Лиминальность, маргинальность и недостаточная структурированность являются условиями, в которых порождается большое количество мифов, символов, ритуалов, философских систем и произведений искусства, утверждает В. Тернер. Все они имеют неоднозначный характер и способны воздействовать на людей на нескольких психобиологических уровнях одновременно. Лиминальное существование может оказаться плодотворным, если в результате человек возвращается в структуру общества, которая, в свою очередь, получает новый импульс от опыта лиминальных сообществ. Тернер, следуя учению Дюркгейма, придает в своей работе большое значение солидарности и ритуалу, недооценивая независимую роль символических классификаций. Он рассматривает лиминальность, имеющую большое значение как для древних, так и для современных обществ, как движение от символически и институционально структурированной позиции к «антиструктурной» и обратно. Поскольку индивиды в лиминальной фазе должны отказаться от своей прежней классификационной системы, они рассматриваются как «новички», которые могут быть подвергнуты новым процессам социализации. В результате участники этих ритуалов принимают новые статусные позиции, но они делают это как акторы, которые прошли через фундаментальные изменения.

Марксизм

В течение ХХ в. было проведено большое количество теоретических разработок марксизма, которые стремились освободить его от присущего ему «механистического уклона». С точки зрения теории культуры, наиболее влиятельным последователем марксизма был А. Грамши, который рассматривал буржуазную культуру как независимый барьер росту социализма и, соответственно, развитию новой классовой культуры как важнейшей революционной задачи. Современные марксистские подходы к культуре воспринимают теорию Грамши сквозь призму новых культурологических учений, результатом чего стало новое видение отношений между культурой и экономической жизнью, в котором практически отсутствует редукционизм.

Поструктурализм

В поструктуралистском подходе к культуре сочетаются элементы различных подходов: марксизма, семиотики и структурализма, школы культурных исследований, феминизма. По сути дела, этот подход получил наиболее полное развитие в 60–70-е гг. XX в. на основе марксизма и структурализма. Такие авторы как М. Фуко и П. Бурдье выступили со своего рода функционалистстской критикой чисто текстуальной референции структурализма и семиотики, подчеркивая социальные связи символизма с властью и социальным классом. С другой стороны, они дали семиотический антифункционалистский ответ на структурную теорию марксизма. Они утверждали, что социальные структуры, так же как и классы и политическая власть, нельзя интерпретировать как действие «против» культуры, поскольку такое понимание предполагает, что социальная система не пронизана смыслом. Используя терминологию Парсонса, если классы или власть имеют только аналитическую автономию от культуры, в конкретных терминах они должны быть рассмотрены как частная форма укорененных культурных кодов.

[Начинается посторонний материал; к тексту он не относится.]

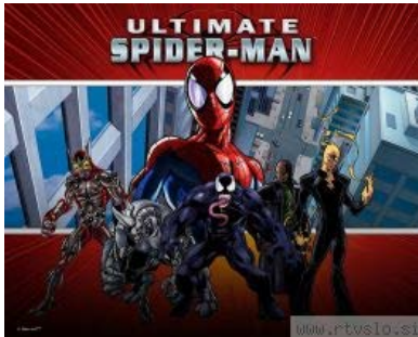
Serija Ultimate prinaša prenovljene ali malo drugače zastavljene različice slavnih Marvelovih junakov, poleg Spider-Mana še Može X, Maščevalce in Fantastične štiri. Junaki imajo tu drugačne zgodbe o genezi in manj zapletene preteklosti kot njihovi izvirniki. Foto: Marvel

Vir: http://www.rtvsl.si/kultura/knjige/ubili-so-spider-mana/260636

Такая известная работа как «История сексуальности» М. Фуко имеет культурологический аспект, хотя все предыдущие исследования сексуальности недооценивали эту сторону проблемы. Они изучали репрессивную или либеральную сторону всех дискурсов о сексуальности, но рассматривали само сексуальное поведение как будто бы оно существовало вне этих культурных дискурсов. Фуко, напротив, утверждает, что необходимо объяснить, каким образом говорят об «этом», поскольку именно культурный дискурс составляет тот объект, который он высвобождает или подавляет. Более того, он настаивает, что тот способ, которым секс включается в дискурс, должен быть рассмотрен как форма власти. Фуко пересматривает переход от более репрессивных обществ периода раннего модерна, где выражения сексуальной девиантности подвергались строгому наказанию, к более современной обстановке, где терапия и воспитание заменили непосредственное наказание. По мнению Фуко, это не означает уменьшения социального контроля над сексуальным поведением. Сексуальные акты стали рассматриваться во все более рационализированных и абстрактных дискурсах, которые должно рассматривать как культурную власть, дисциплинирующую сексуальность. Их функцией в меньшей степени является прямой запрет на секс, чем создание новых типов разговора о нем. И все же, определяя категории современной сексуальности, эти дискурсы создают те самые объекты, чьи модели они призваны объяснить. Говоря языком Фуко, «они насадили принципы классификации в физические тела человеческих существ». Но власть кода сексуальности не является чисто культурной. Власти создали целый ряд механизмов наблюдения. Их профессиональное внимание, по мнению Фуко, показывает не столько усилие проконтролировать варианты сексуального поведения, сколько бессознательное желание вступить с ними в контакт.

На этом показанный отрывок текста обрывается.